Life hasn't turned out quite the way I imagined it would. My work is satisfying and I thank God every day for my three healthy, bright, creative, funny sons. But sometimes I find myself apologizing that I don't have more to show for all these years. I have felt ashamed of my simple home, my modest income, my aging face and body, embarrassed that I can't play the "Minute Waltz" on the piano in less than a minute, a failure because I am single.

There is a Rascal Flatts song with the lyrics, "There comes a time in everyone's life when all you can see are the years passing by, and I have made up my mind that those days are gone." This is my new motto. From this moment forward, I feel pride in my past accomplishments while feeding my dreams for the future. I may not post a sign on the garage, but I will never again apologize for my age. I don't feel 51, whatever that means; I will take care of what I have, and if someone finds me unacceptable because I am not successful or attractive - or simply young - enough, then it is his loss.
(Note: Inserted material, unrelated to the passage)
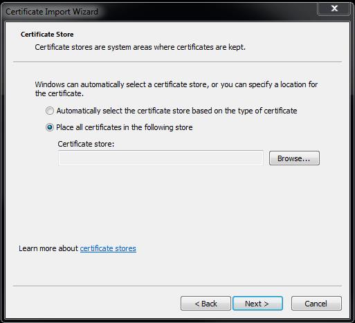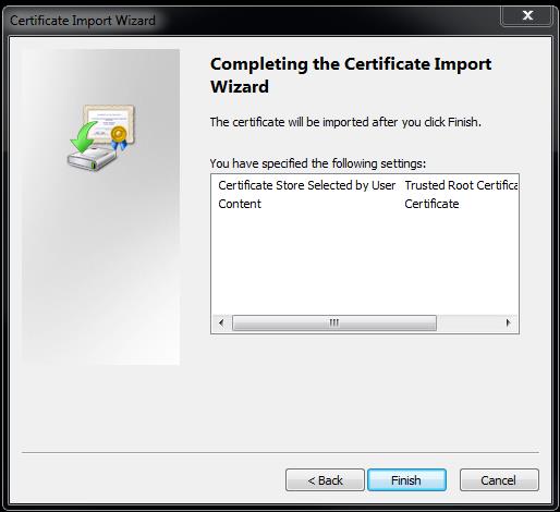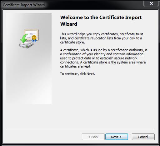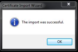 Click Import and follow the steps in the Certificate Import Wizard to import the certificates.

I can hardly believe it myself, but I am happy to be 51. As a wise man once said, "I'm not dead yet!"

Thursday, August 5, 2010

Expecting the Best

My blog post 100 Things generated a lot of response - comments posted directly to the blog and on Facebook and a handful of emails. One very sweet fellow even went through the list and explained, point by point, how well he satisfies my criteria.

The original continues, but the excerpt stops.